J’en peux dire quelque chose, moi qui ai entendu, à travers des portes fermées, parler à voix basse des gens à trente pas de moi ; moi dont on voyait, à travers la peau du ventre, bondir tous les viscères et qui parfois ai senti, dans la période d’une seconde, un million de pensées, d’images, de combinaisons de toute sorte qui jetaient à la fois dans ma cervelle comme toutes les fusées allumées d’un feu d’artifice. Mais ce sont d’excellents sujets de conversation et qui émeuvent.

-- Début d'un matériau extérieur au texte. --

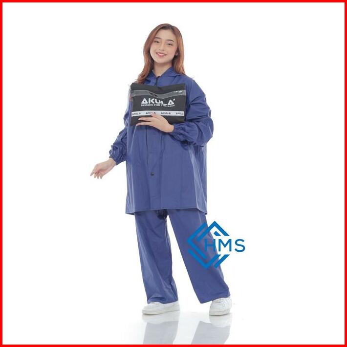 Akula Jas Hujan Pria Wanita Setelan Baju Celana Bahan Pvc Karet 0 25 Anti Rmbes Blue Raincoats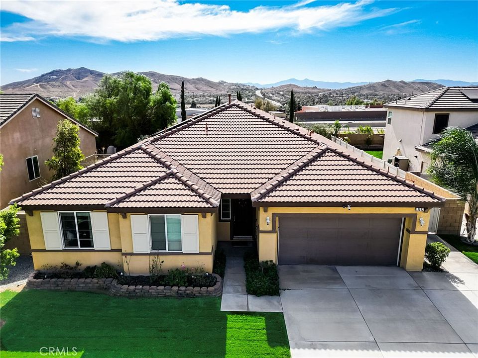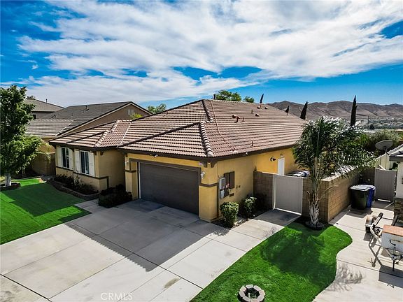 This charming home perched on a hillside in Jurupa Valley is truly a gem. Once the model home it has been lovingly maintained. The single-story layout boasts plenty of top of the line builder upgrades. Stepping inside, notice the laminate flooring, custom paint, and the elegant wainscoting throughout the interior. The heart of the home is the spacious great room, which seamlessly flows into the kitchen, dining area, and living space. What's more, the lighting system is smartly equipped for Wi-Fi, allowing you to control it effortlessly using Alexa. This model home offers three generously sized bedrooms, with an additional room currently serving as a den. The owner's suite, conveniently situated just off the living room, is filled with natural light and includes a generously sized walk-in closet, a luxurious sunken tub, and double sinks. The backyard is a delightful oasis with a variety of fruit trees, a vegetable and spice garden, and two recently installed Aluma wood patios. You can relax and unwind in the spa or use the space to gather with friends and family. The three-car tandem garage is not only practical but also equipped with a tankless water heater and an EV charging outlet. An extra-wide driveway that provides RV parking and offers electric hookups. The solar panels on the home are leased and are part of the Net Energy Metering program, which can be transferred to the new owner. This area of Jurupa Valley is undergoing exciting development with numerous new retail stores, restaurants, and amenities. It's a prime time to make this your new home. Super convenient access to schools and major freeways, including the 60, 10, 215, and 15.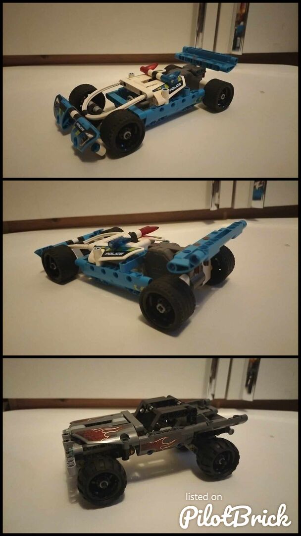 Seller: Vikki Neighbour Flag GB Lego Technic 42090 GETAWAY TRUCK & 42091 POLICE PERSUIT pull back cars!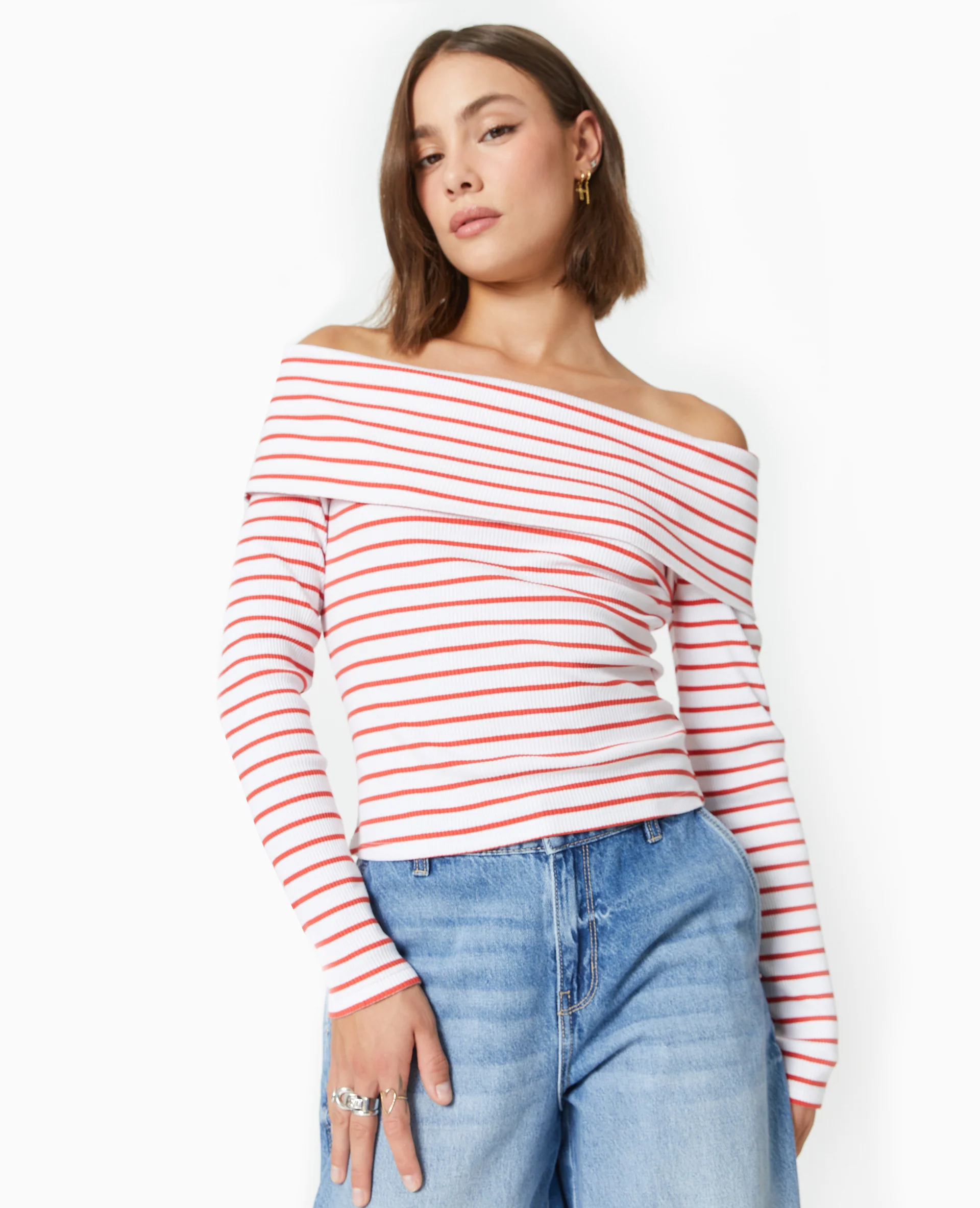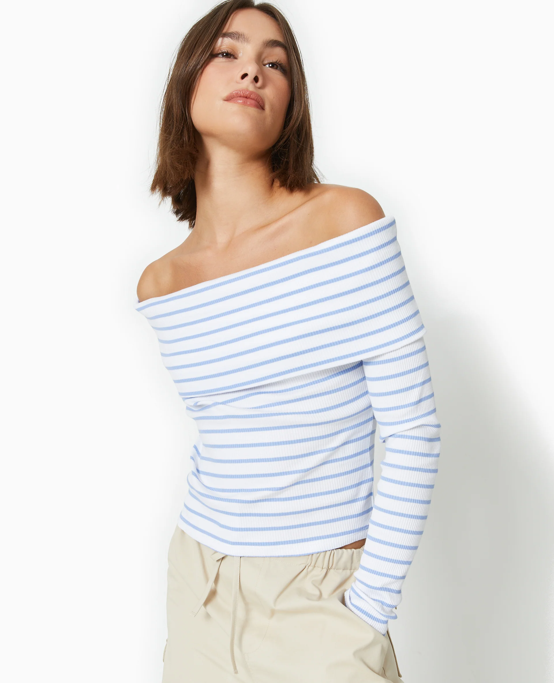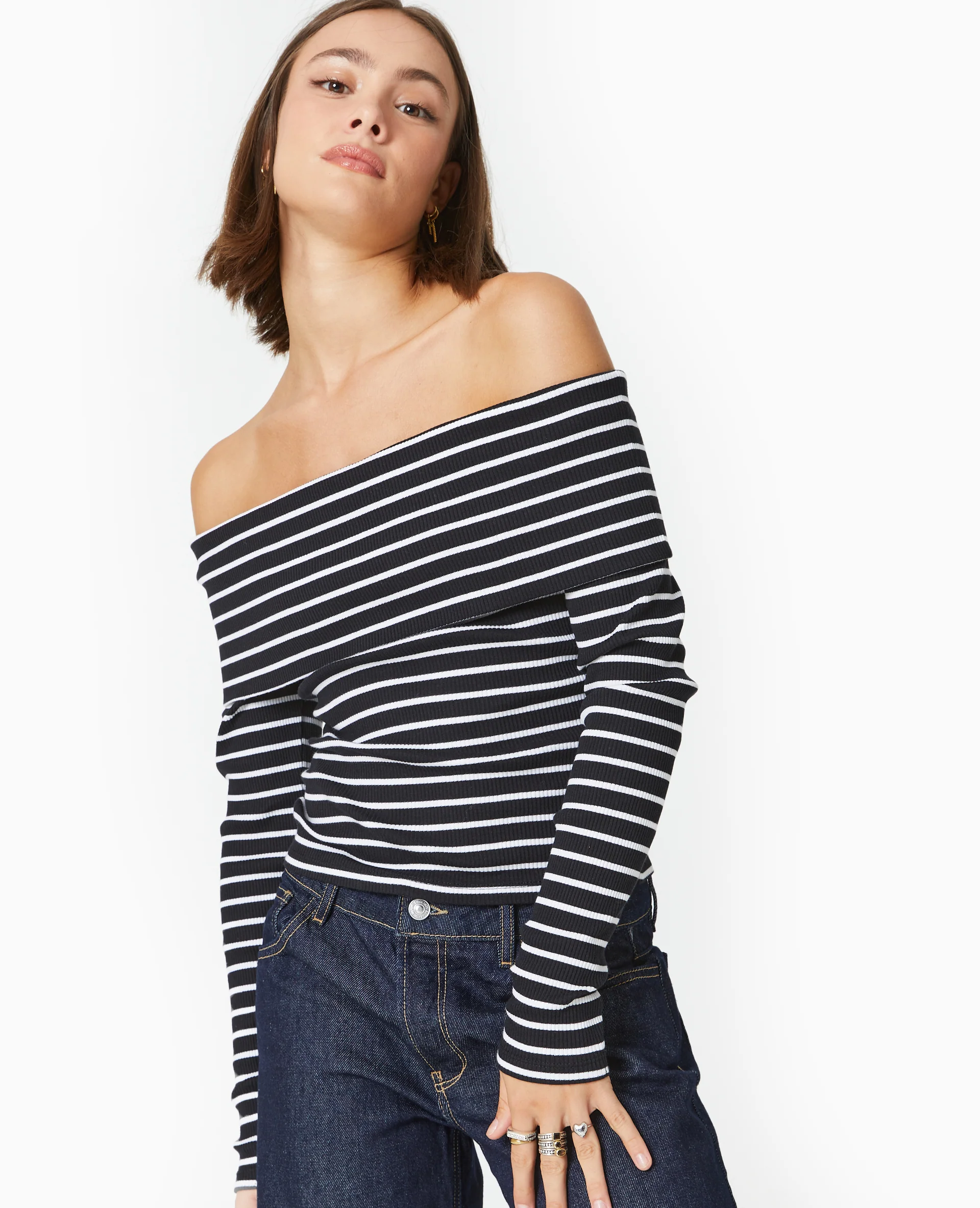 Top en maille côtelée encolure Bardot rayé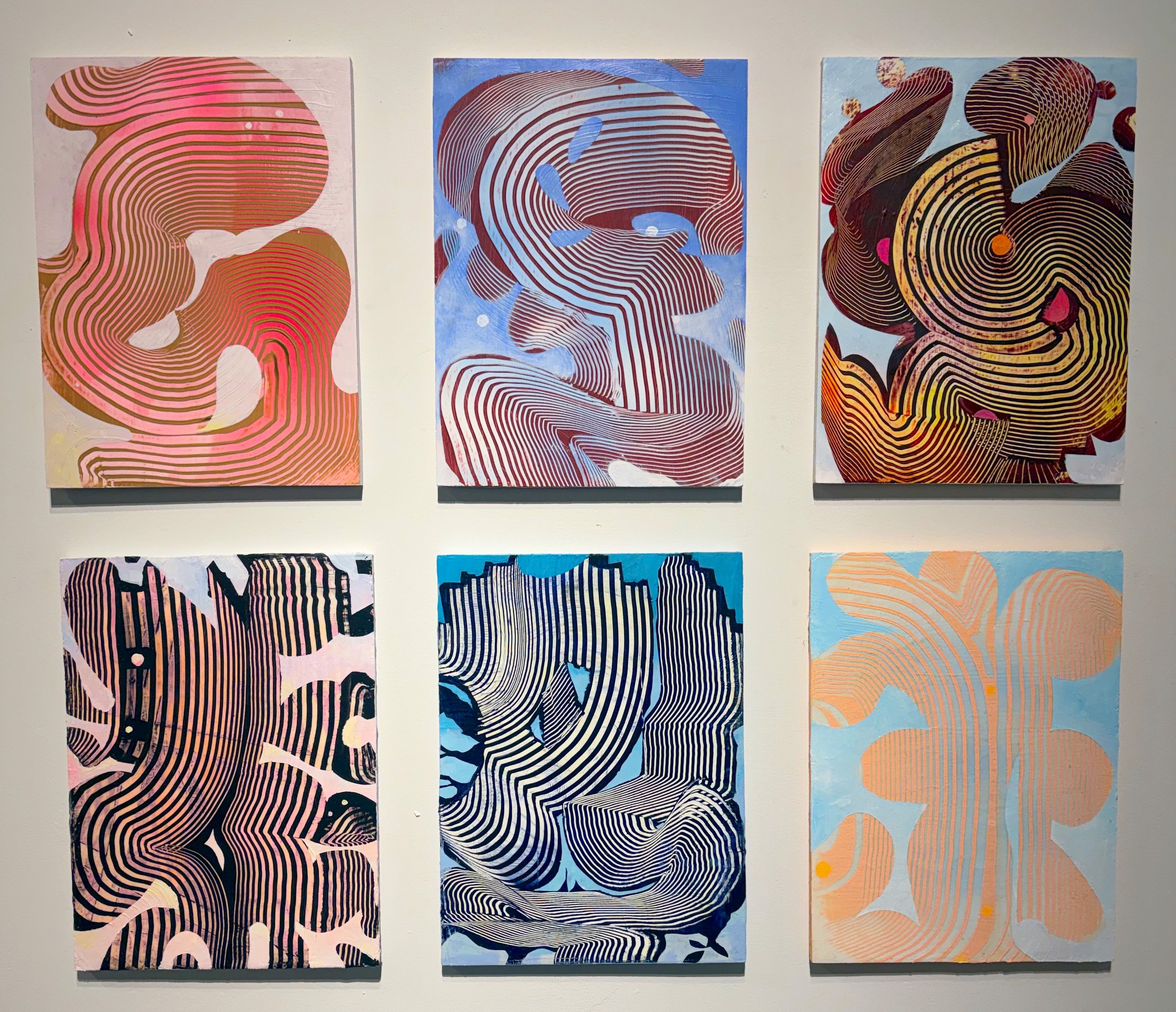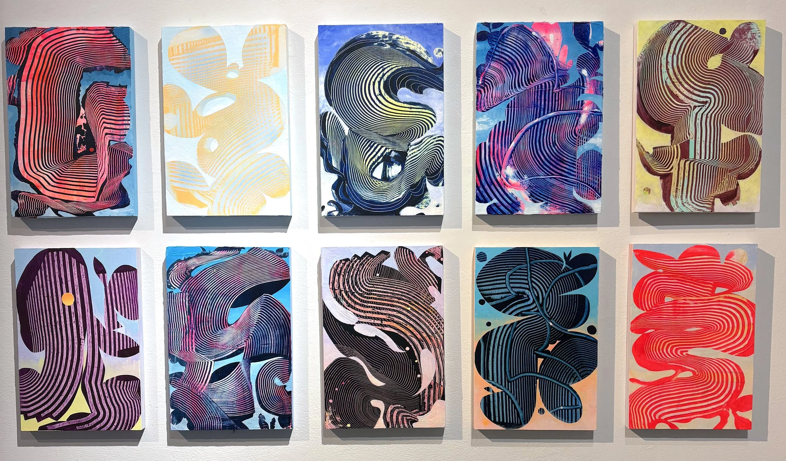 And then there are the most recent works on paper, a body of work I started over last summer, again to allow me to move quickly through ideas and also take up less space than paintings on panels. I make so much work that storage is a constant challenge. I’ve mounted these paintings on paper to panels for this show because I wanted to include them, but they work better with the rest of the show and feel more substantial to me being mounted to panels.

La poésie n’est point une débilité de l’esprit, et ces susceptibilités nerveuses en sont une. Cette faculté de sentir outre mesure est une faiblesse. Je m’explique.

Si j’avais eu le cerveau plus solide, je n’aurais point été malade de faire mon droit et de m’ennuyer. J’en aurais tiré parti, au lieu d’en tirer du mal. Le chagrin, au lieu de me rester sur le crâne, a coulé dans mes membres et les crispait en convulsions. C’était une déviation. Il se trouve souvent des enfants auxquels la musique fait mal ; ils ont de grandes dispositions, retiennent des airs à la première audition, s’exaltent en jouant du piano, le cœur leur bat, ils maigrissent, pâlissent, tombent malades, et leurs pauvres nerfs, comme ceux des chiens, se tordent de souffrance au son des notes. Ce ne sont point là les Mozarts de l’avenir. La vocation a été déplacée ; l’idée a passé dans la chair où elle reste stérile, et la chair périt ; il n’en résulte ni génie, ni santé.

Même chose dans l’art. La passion ne fait pas les vers, et plus vous serez personnel, plus vous serez faible. J’ai toujours péché par là, moi ; c’est que je me suis toujours mis dans tout ce que j’ai fait.